End of the day if the best that the left can come up with are 'progressive tax policies' (which in the UK have made how much of an impact on inequality?) then wait till they're dealing with rapid automation in a decades time.
Politics truely is a vacuum & as neither of the main parties seem to want to pull themselves out of that vacuum & have 0 vision then it would seem that this election is a bit irrelevant as the future of New Zealand will be decided elsewhere. Once the euphoria dies down from this circus Chris, & the hangover kicks in a little from the Champagne, buy yourself a Kurzweil book, or perhaps have a flick through part 3 of Yuval Harari's new read, make your predictions based on the future... not dreams of the past

Shirley .Knuckey said...

Isn't it a bit cheapskate to keep using the 'neo-liberal' tag still on Labour? And it is not fair. The world economy runs a market trajectory and opting out of that is not feasible even if it was doable. Do we want to resurrect Rob Muldoon?

Creating a Labour based and led Government takes a whole lot of skills of which sticking to a rigid doctrine is a losing strategy. John knows about gthe "dead rats" syndrome from last time I'm sure! And stating the bleedin' obvious, no good changes will happen unless the winning of hearts and minds for their plentiful votes puts the Left into those House winner seats!

jh said...

Here is what you cannot say on the Standard [Thanks to Labour/Green apparatchiks]
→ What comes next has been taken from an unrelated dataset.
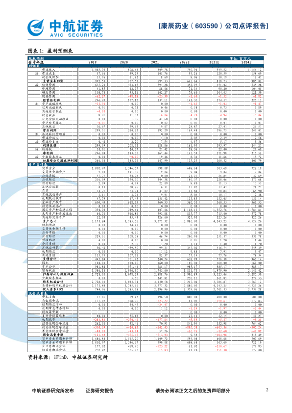 康辰药业2021年及2022年一季度业绩受到核心产品降价和疫情的双重影响,短期业绩承压。
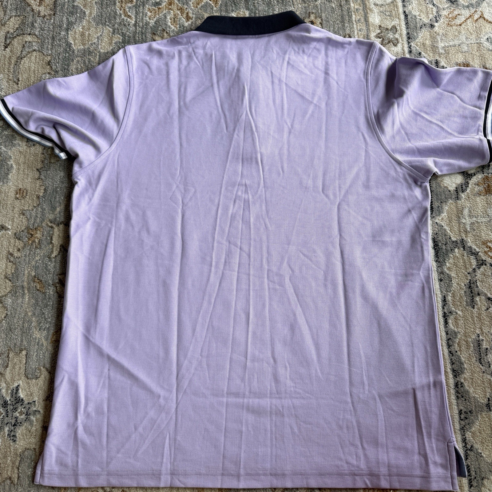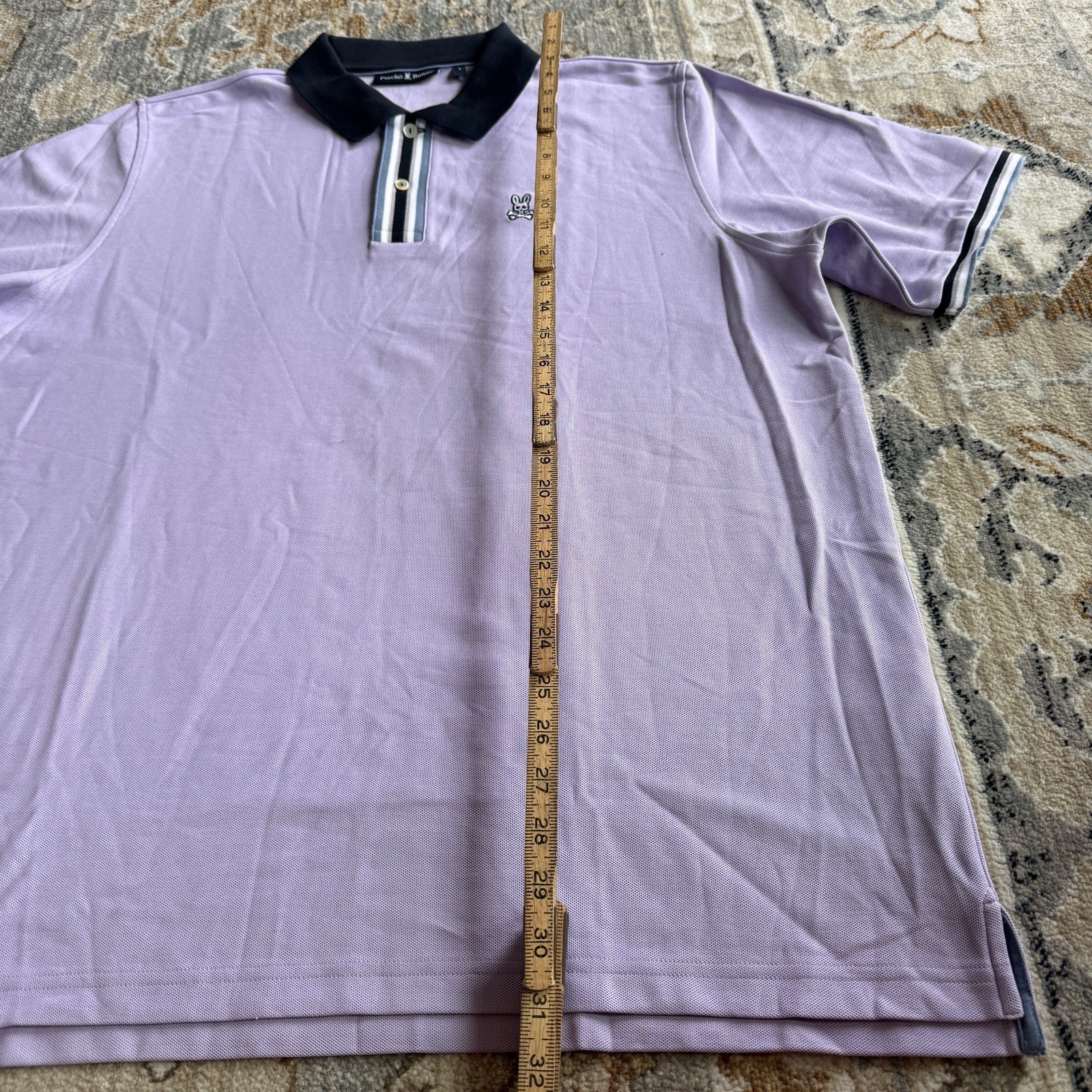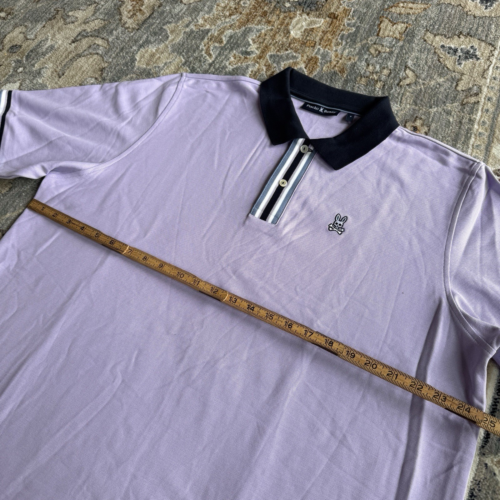 Psycho Bunny Men's Lavender Short Sleeve Polo Shirt Size 9 XL Striped Trim Golf

“Our story of bus drivers reveals the existence of the proverbial elephant in the room. It shows that the living standards of the huge majority of people in rich countries critically depend on the existence of the most draconian control over their labour markets – immigration control. Despite this, immigration control is invisible to many and deliberately ignored by others, when they talk about the virtues of the free market.”
― Ha-Joon Chang, Twenty-Three Things They Don't Tell You about Capitalism

sumsuch said...

Thesorrowandthepity, 10,000 years of cultural history, and the biological back beyond, are the main things we can go on for the future.

Now look at how dusty, dismembered, disheveled, torn apart, the yertles the turtles are at the bottom. More importantly in a democracy, how very many of them there are.

jh said...

There are some interesting youtube videos of Robert Putnam and Charles Murray on the plight of the working classes in the US (black and white). Putnam sees solo parenting as an issue but he also sees it as income related. My theory is that Western societies have economically hit the bonk. The Roghan report has Jordan Peterson with an evolutionary psychologist whose theorising traverses beyond the social constructionists.